One of my favorite Julia Child moments was on one of Martha Stewarts’s Christmas specials, maybe ten years ago. She had Julia on and they were making some kind of desert with little balls of something – cake or candy or something – that they were supposed to pile into a tree-shaped pyramid. Martha is doing hers perfectly symmetrically, while Julia is just throwing hers together any old way. You could see the Martha’s fingers twitching with the desire to “fix” Julia’s pyramid…

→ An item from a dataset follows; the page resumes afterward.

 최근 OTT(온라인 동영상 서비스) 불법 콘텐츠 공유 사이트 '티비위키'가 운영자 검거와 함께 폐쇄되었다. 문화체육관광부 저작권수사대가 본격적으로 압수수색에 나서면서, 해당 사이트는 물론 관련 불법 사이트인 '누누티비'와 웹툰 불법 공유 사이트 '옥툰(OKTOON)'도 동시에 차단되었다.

I’ve got an apple clafouti in the oven right now to take to brunch in her memory. (Recipe in the 40th anniversary edition of Mastering the Art of French Cooking, if not in other places as well.) Hopefully it will come out better than the blueberry one I tried a few months ago - the directions say to use a 9- or 10-inch pan, but don’t mention that the batter is too liquid for a removable-bottom pan, which is a fun thing to find out the hard way as batter bakes onto the floor of the oven.

Anyone have favorite recipes of hers to share, or occasions that were made memorable by them?

I saw that very episode; it was a croquembouche – made of cream puffs – that they were making. And indeed JC’s was thrown together all anyhow, and twitchy Martha’s was a model of geometrical precision, and which one looked more appetizing?

I found it hard to watch any show with JC and a guest chef, especially if the guest was young enough to not properly appreciate her. I got the impression sometimes that these young hotshot twits did not know exactly whose kitchen they were honored to be sharing.